主人公は東京に近い地方の街で生まれ育ち、地元の市役所で働く実家暮らしの33歳独身女性。ある日突然、人生をやり直すという話が展開されます。しかも、けっこうな数の人生をやり直すのに、肝心の場面はローカル話が中心で地味。それでも飽きさせないのは伏線が友達とのまるで聞き覚えがあるような会話から回収されていくからです。カラオケで歌う懐メロソングから転がる会話や、つい盛り上がる学生時代の先生の悪口など、“あるある”が伏線回収にもちりばめられているのです。
人生を何周もする主人公のあーちんこと、近藤麻美を演じる安藤サクラをはじめ、親友なっち役の夏帆、みーぽん役の木南晴夏、同級生の福ちゃん役の染谷将太、父親の田中直樹など、どの役もどこかで会ったことがありそうな人物像を演じ切っていることもこのドラマの醍醐味です。
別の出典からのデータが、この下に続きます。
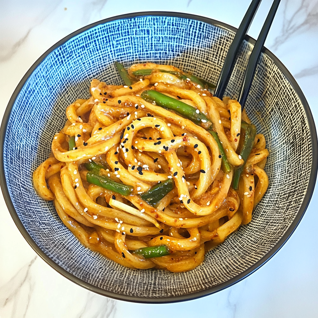 Now it’s time for the star of the show! Add your cooked udon noodles directly into the pan with that creamy gochujang sauce. Toss them gently until every strand is coated beautifully. This mixing ensures every bite is flavorful.
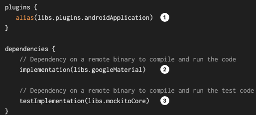 - libs.plugins.androidApplication: 버전 카탈로그 파일에서 plugins 항목에 androidApplication의 의존 정보를 들고 온다는 의미입니다.

保育園児のあーちんを演じた子役の永尾柚乃ちゃんは大人顔負けの演技力を魅せてくれます。
観察力に脱帽する場面が多い
そんな芸達者の役者たちによる会話劇も超リアル。ファミレスやカフェで隣の席から聞こえてくるような内容です。たとえば、あーちん(安藤)を含む仲良し3人組が食事後にカラオケ店に行った時のエピソード。
バイトスタッフの福ちゃん(染谷)が好意でサービスしたポテトに対して「気持ちは超嬉しい。でもサービスしてくれるならドリンク、タダだよね」と、小さな不満をこぼすタイミングも言葉選びも再現性が高いと思ってしまうほどです。
また表面上ではわからないような微妙な距離感がある関係性を「麻美ちゃん」と「あーちん」という名前の呼び方で変える表し方も巧妙です。ほかにも、小学生女子の間のシール交換を「交渉術を養う場」としたり、思春期の父親に対する嫌悪感を「携帯ストラップ」で表現したりと、観察力に脱帽する場面がとにかく多いのです。